Ted, I was referring to the web monitors note – not your comment – apparently I didnt make that clear. And I heard back from him also & we corresponded.

Lindsay Mann
1 year ago

Web monitor, sometimes foals are left behind at the roundup (Sand Wash Basin roundup was one occurrence of this). They were at risk of death due to no milk or safety.
With respect, may I mention the links between Tom Davis (Davis?) and Salazar,BLM and others. Finally, there is no clear transparency about long term pastures as far as I know. Thank you.

Lindsay Mann
1 year ago
Reply to  Lindsay Mann

Melissa Freeman, apologies, that was meant for the web monitor.

Martha Jamison
1 year ago

Interestingly enough, there is much infighting amongst the vociferous ones!
https://www.facebook.com/groups/384658549138951/?ref=share

Resolution calls for gathering, slaughter of wild horses for meat – AL Dubai Luxury
1 year ago

[…] scapegoated and vilified by the livestock industry.

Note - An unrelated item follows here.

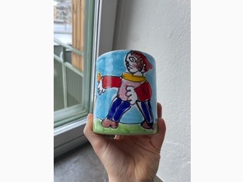 Handmålad keramikfigur 'Puppena i boet' av Heljä Liukko-Sundström 1981 Arabia

Land managers and others, however, point to real ecological concerns with the nonnative species’ impacts on open western […]

bob
1 year ago

?

Claudia Bloom
10 months ago

Ted , from Writers on the Welfare Ranching on Our Public Lands, says the horses are feral. Let’s call Wildlife Services! They’re killed most of the wildlife in the west for the welfare ranchers. Whatever they miss, let’s round em up for the meat eaters in Japan.
Hey Ted, they’re OUR public lands and we want horses, not cows, on those lands.